Filosofía y Pedagogía
“El filósofo es un profesor y un director de conciencia que no pretende exponer su visión del universo, sino formar discípulos gracias a unos ejercicios espirituales”
(Pierre Hadot)
Todo profesor debiera tener algo de filósofo. Con esto no nos referimos a que sea un conocedor profundo de autores y libros del tema, sino que debiese poseer un amor genuino por el conocimiento, por querer aprender al fin y al cabo. Si no posee ese amor por el conocimiento no puede esperar que los que asisten a sus clases se entusiasmen por asimilar lo que les enseña ¿Son los docentes de hoy en día amantes del saber? Sí y no. Muchos se ven obligados a la docencia porque hay que comer, así que no poseen la nunca bien ponderada vocación y como corolario se podría decir que el amor al conocimiento tampoco lo poseen muy desarrollado. Pero incluso aquellos que poseen ese amor se ven enfrentados a un hecho patente, que es que el sistema educacional no fomenta el amor al conocimiento (recordemos a Zappa cuando dice: "La información no es conocimiento, el conocimiento no es sabiduría...") Lo que incentiva el sistema educacional es la absorción de información, de datos y de habilidades que sean funcionales para que los estudiantes encajen de buena manera en el mercado laboral. Nada más ni nada menos. En la sociedad tecnocrática sólo el manejo de la técnica es importante, y para ese tipo de enseñanza sólo se necesita una escuela que sea homóloga a la fábrica, que genera un producto en serie que no necesita distinguirse del resto. De hecho, mientras más parecido al prototipo mejor. Si posee algo que es diferente es considerado un producto fallido y por lo tanto inútil para su utilización.

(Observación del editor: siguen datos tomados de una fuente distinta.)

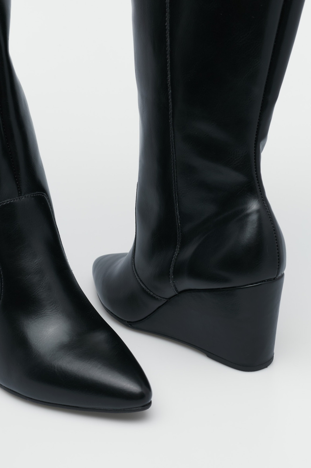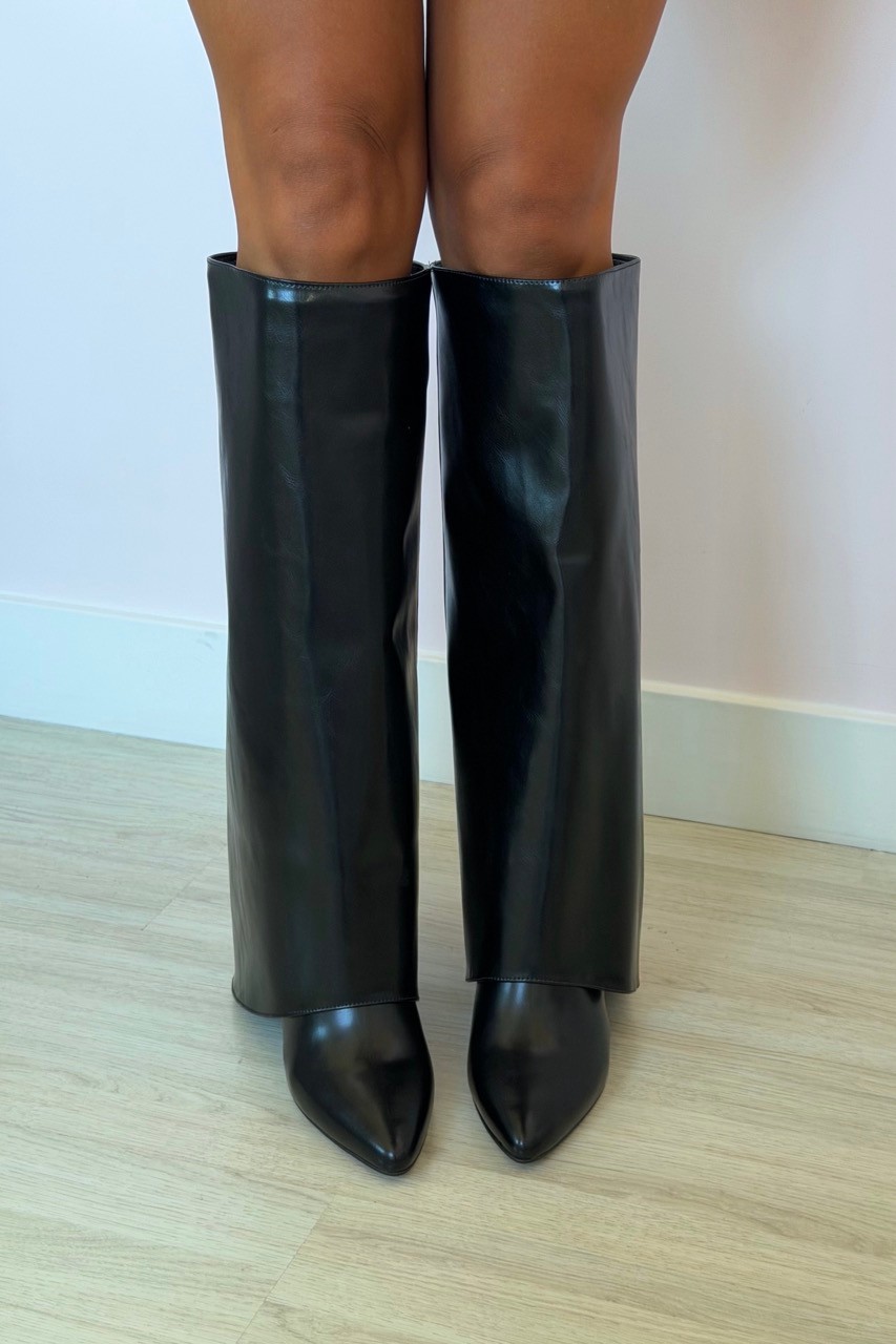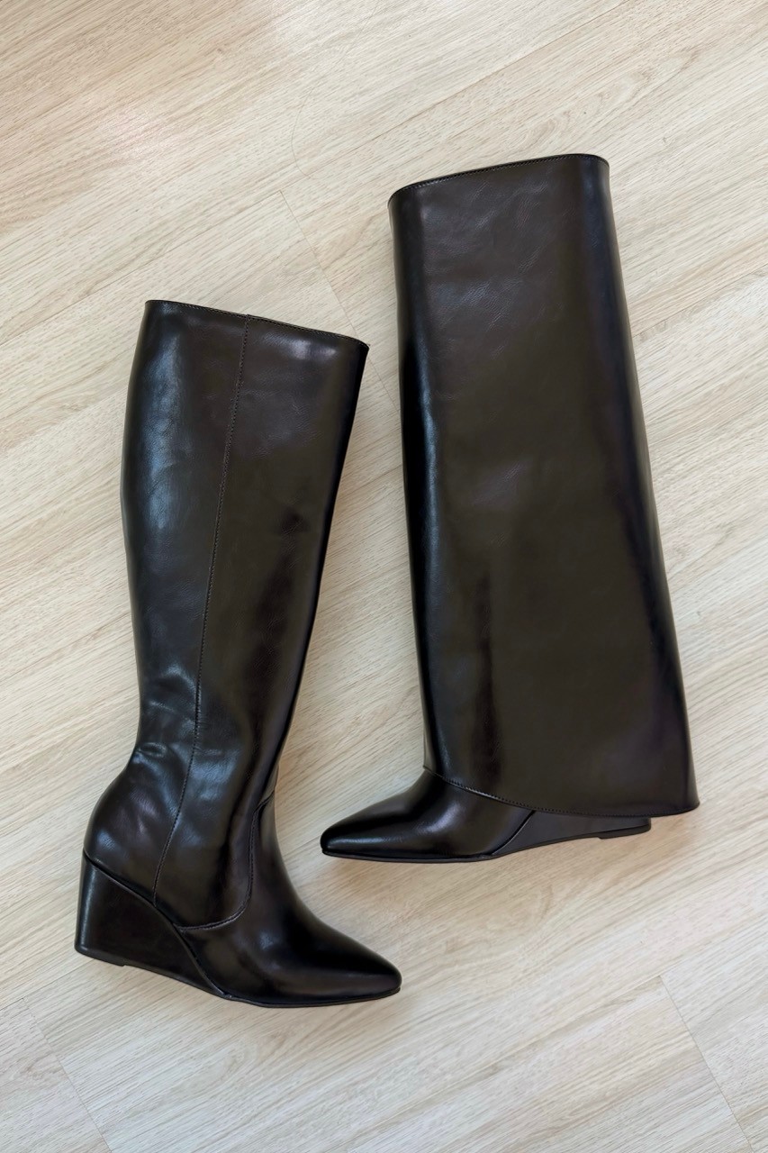 O salto anabela oferece estabilidade total, enquanto o bico fino alonga a silhueta. A cor preto é a tendência do inverno. O investimento inteligente para quem busca dois estilos em uma única bota poderosa.
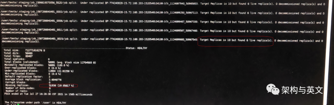 步骤二、 从上图红色框圈住的地方可以看出,正是这个目录下的blocks发生了缺失,不是HDFS web界面导致。“Target Replicasis 10 but found 6 live replicas”这句话说明这些目录的blocks需要10个副本但是只找到了6个,当前集群的datanode个数也是6,也就是还有4个副本永远不会被复制,正解释了为什么blocks会一直处于复制中的原因。
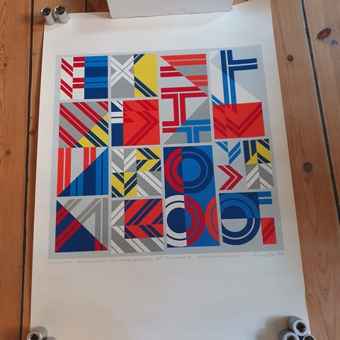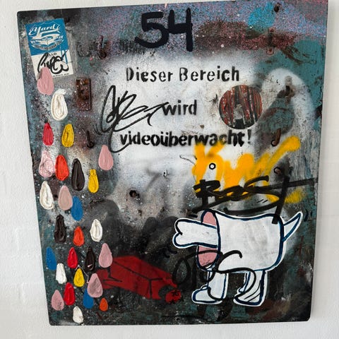 Mixed media på plade, signeret og dateret på bagsiden Allan Otte 01.
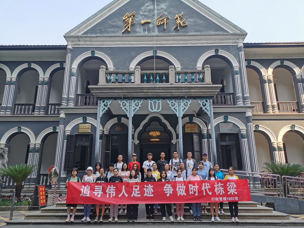 为热烈庆祝中华人民共和国成立70周年,追寻革命先辈伟人足迹,点燃爱国爱党热情,9月29日下午,行政管理1902班在毛泽东与第一师范纪念馆开展了“爱国奋斗正当时,建功立业新时代”系列活动之实地参观学习。本次活动由团支书赵坤同学组织带队,全班同学参加活动。
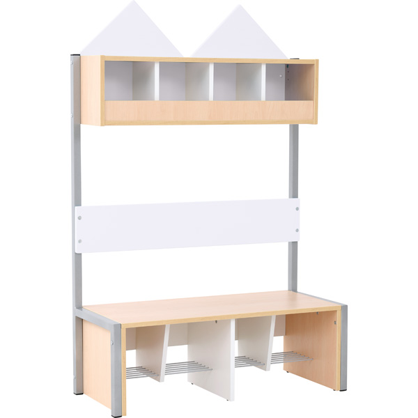 Fantasievolle Garderobe für 2 Kinder. Aus laminierter Spanplatte (Stärke 18 mm), wahlweise in Ahorn-Dekor oder weiss; Trennwände stets weiss; mit stabilem Metallgestell und praktischer Schuhablage mit Gitterrost. Die Rückwand des Regals ist als Giebelwand gestaltet und in verschiedenen Farben erhältlich (Material: farbig folierte MDF-Platte, Stärke 18 mm); Rückenlehne im gleichen Farbton. Farbige Haken (092530-092533, 255100-255102) separat erhältlich.
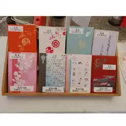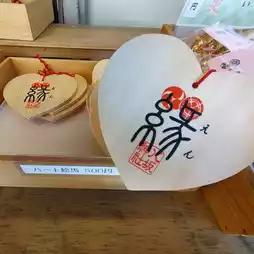 At the shrine office, there are heart-shaped votive plaques and fortune-telling slips.
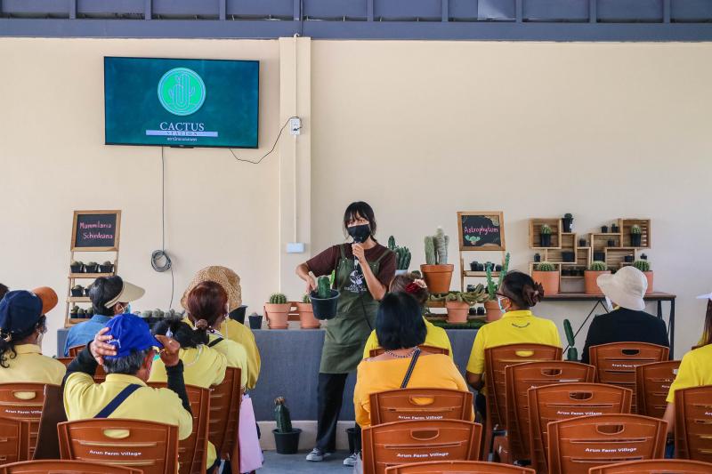 รายละเอียด : วันที่ 15 มีนาคม 2566 เวลา 09.00 น. นายประเสริฐ วงษ์ศรี นายกเทศมนตรีตำบลทับมา มอบหมายให้กองสวัสดิการสังคม เทศบาลตำบลทับมา พร้อมด้วยคณะกรรมการศูนย์บริการและถ่ายทอดเทคโนโลยีการเกษตรประจำตำบลทับมา นำโดยนายทองสุข ผ่องผาด ประธานศูนย์บริการและถ่ายทอดเทคโนโลยีการเกษตรฯ เข้าศึกษาดูงาน ณ ศูนย์การเรียนรู้อรุณฟาร์มวิลเลจ และเรียนรู้กิจกรรมภายใต้โครงการสนับสนุนศูนย์บริการและถ่ายทอดเทคโนโลยีการเกษตรประจำตำบลทับมา ประจำปีงบประมาณ พ.ศ. 2566 โดยมีวัตถุประสงค์เพื่อส่งเสริมการดำเนินงานของศูนย์ถ่ายทอดเทคโนโลยีการเกษตรประจำตำบลทับมา สร้างอาชีพ รายได้ ทั้งในระดับครัวเรือนและกลุ่มอาชีพ ภายในงานมีการบรรยายให้ความรู้ตามฐานการเรียนรู้ต่างๆ จำนวน 6 ฐาน ประกอบด้วย 1. ฐานเทคโนโลยีการเกษตร 2. ฐานสิ่งแวดล้อม 3. ฐานต้นอ่อน 4. ฐานกระบองเพชร 5. ฐานเพาะเลี้ยงเห็ด 6. ฐานฟาร์มปศุสัตว์ กิจกรรมฝึกปฏิบัติ การทำถุงผ้ามัดย้อม การเก็บไข่เป็ดมาทำไข่เค็ม เก็บผักไมโครกรีน และการทำก้อนเชื้อเห็ด โดยทีมวิทยากรจากศูนย์การเรียนรู้อรุณฟาร์มวิลเลจ โดยมีผู้เข้าร่วมโครงการประกอบด้วยคณะกรรมการศูนย์ฯ กลุ่มอาชีพ ทั้ง 8 หมู่บ้าน และเจ้าหน้าที่ จำนวน 40 คน
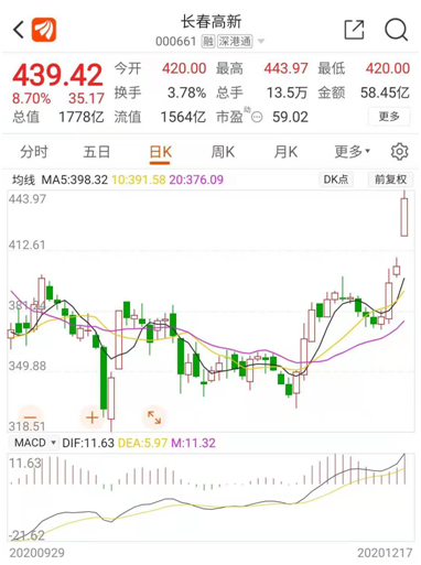 今日,医药界另一明星公司,被称为“东北茅台”的长春高新同样表现不俗,截至收盘大涨8.7%,报收439.42元/股,总市值为1778亿元。关于今日大涨,市场普遍认为是减持靴子落地的原因。

En el sistema educacional actual, por mucho que la oficialidad insista en lo contrario, las grandes interrogantes de la existencia (las que generan conocimiento al intentar responderse) no existen. No existen porque no se pueden contestar en la estrechez agobiante de un marco curricular, y por lo tanto no se pueden “enseñar”. Y es que esas interrogantes escapan a cualquier iniciativa, sea estatal o privada. No se pueden enmarcar o constreñir a un modelo de enseñanza. Son más grandes que la enseñanza y que la vida misma. Y por lo mismo es imperativo abordarlas.
Un buen profesor sin embargo debiese ser capaz de introducir en sus alumnos la curiosidad por dichas interrogantes, justamente a través de su propia área de conocimiento. Muchas veces la clásica pregunta de los estudiantes al profesor (¿para qué sirve esto?) queda sin respuesta, ya que el propio profesor nunca se la ha hecho a sí mismo, lo cual es bastante patético a decir verdad. Si no entiendes el porqué de tu propia labor no eres más que un mero peón y le estás enseñando a tus alumnos a ser un peón, y para eso es preferible que dejes de enseñar y te dediques a hacer otra cosa en la que no hagas tanto daño a tu prójimo.
Sócrates y Confucio por ejemplo fueron ante todo profesores en el sentido estricto de la palabra: disfrutaban enseñar a sus discípulos, pero ante todo disfrutaban del hecho de que éstos les preguntasen para poder ir un poco más allá de la propia enseñanza y construir conocimiento nuevo a partir de las interrogantes que les hacían. En ambos casos pareció que araban en el mar, pero el tiempo les dio la razón: al primero se le recuerda como el punto de partida de una interminable tradición filosófica y los discípulos del segundo terminarían por darle a China el molde ideológico que posee hasta el día de hoy. Ambos fueron ante todo maestros orales, preferían transmitir de manera directa su conocimiento antes de armar gruesos volúmenes que no leen sino los especialistas, todo lo contrario a los filósofos profesionales de nuestro tiempo. Prácticamente todos los fundadores de las grandes religiones del mundo también optaron por esa vía, porque entendían que de esa manera se mantenía más viva la enseñanza en lugar de ir a consultar un libro, que por definición es una experiencia indirecta.
En el fondo es ése el espíritu que debiera servir para movilizar el trabajo pedagógico, pero que muchas veces muere ahogado en burocracias, planificaciones y otras metas que tienen más de Kafka que de otra cosa. Pero vale la pena el esfuerzo, aunque el resultado sea escaso a primera vista, porque como ya dijimos se trata de tareas a largo plazo, que las que de seguro no veremos sus resultados en vida.